Lucy drew back another sheet and grimaced. “What about this one?”

I glanced at the corpse of a young man who seemed healthy enough—present condition excluded, of course—with gangly long arms and legs that draped off the end of the bench.

“Goodness, he must be seven feet tall. But he looks healthy enough. Help me carry him.”

Lucy took the lantern in one hand and picked up the man’s feet with the other, while I wrapped my arms under his shoulders. The body had a distinct odor—a sterile coldness not so different from the damp stone walls. A trace of soap from his shirt lingered and reminded me that he had been a person with hopes and dreams that had ended far too young.

Lucy grunted as she lifted the man’s feet. “Is he filled with bricks?” she muttered.

“Bodies feel heavier when they’re stiff.”

She let his feet fall back to the bench. “I’m not going to ask how you know that. What do we do? We can’t possibly carry him on our own.”
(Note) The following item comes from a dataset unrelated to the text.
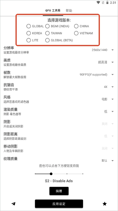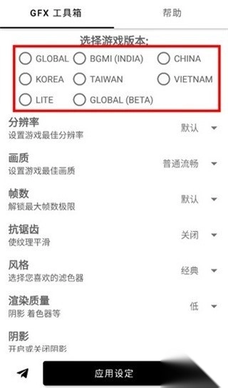 打开gfx工具箱,此时需要选择你所玩的吃鸡游戏版本;
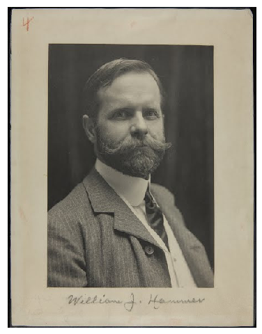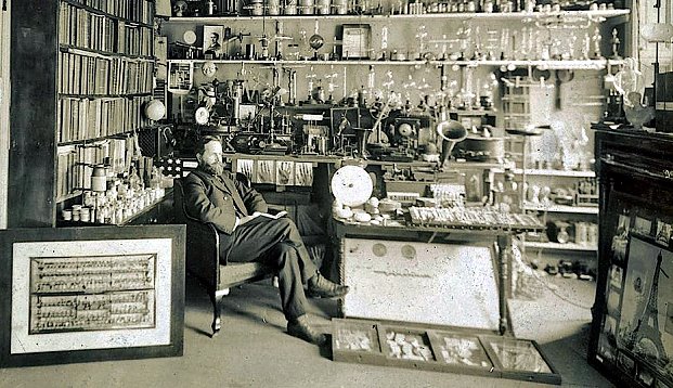 William Hammer con parte de su colección de aparatos científicos, c.1900. (Fuente).

I pulled a bone saw from my satchel and held it up to the glinting light. “We only need his head.”

“Juliet, no!”

I gave her a hard look as I knelt by the man’s chest, steadying the bone saw on his neck. “It isn’t going to kill him again,” I muttered, and threw my weight behind the saw.

It was grisly work, but at least his body was frozen, so there was little blood. Lucy fetched a pumpkin from McKenna’s pantry to place under the sheet so no one would notice a headless body.